Updated map from the NBC News Graphics team
New York gov: 'I have no interest' in quarantining a city
New York Gov. Andrew Cuomo said Tuesday morning he had no plans to impose a quarantine on any city in his state.
"I have no interest whatsoever, and no plan whatsoever, to quarantine any city," Cuomo said at a news conference.
However, Cuomo said it was "possible we will be doing more dramatic closings" in addition to shuttering restaurants, bars and schools to curb the spread of the coronavirus.
He also said the number of cases in the state is expected to peak in 45 days:
The scene in New York
Amazon limits warehouse service to household staples and medical supplies
Amazon is not accepting new products to its warehouse service except household staples, medical supplies and other high-demand items through April 5, according to an announcement obtained by NBC News. Amazon confirmed the authenticity of the announcement.
“We are seeing increased online shopping and as a result some products such as household staples and medical supplies are out of stock,” the company announced on its seller platform called Seller Central. “With this in mind, we are temporarily prioritizing household staples, medical supplies and other high-demand products coming into our fulfillment centers so that we can more quickly receive, restock, and ship these products to customers.”
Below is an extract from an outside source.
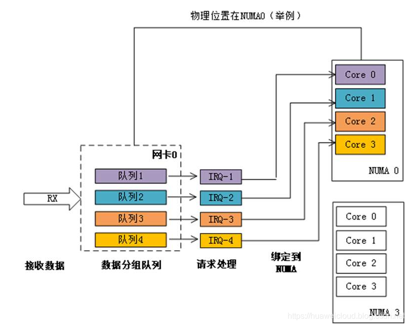 图1-2 NUMA绑定:中断绑定到指定核,避免跨NUMA访问内存

The company said that high-demand goods include baby products, health and household items, beauty and personal care products, groceries, industrial items and pet supplies.
Spain turns back cars at land borders as death toll rises to 491
Spain set up police checks at its land borders with France and Portugal on Tuesday and turned back foreigners attempting to enter, part of strict measures to prevent the spread of the coronavirus in Europe’s second hardest-hit country.
The government reported 182 new fatalities overnight, bringing the total dead to 491 and making Spain the country with the world’s fastest-rising toll behind Italy. The number of infected topped 10,000 for the first time to 11,178.
Spain closed its land borders Monday to all but Spaniards, permanent residents and transborder workers. Trade in goods is not affected.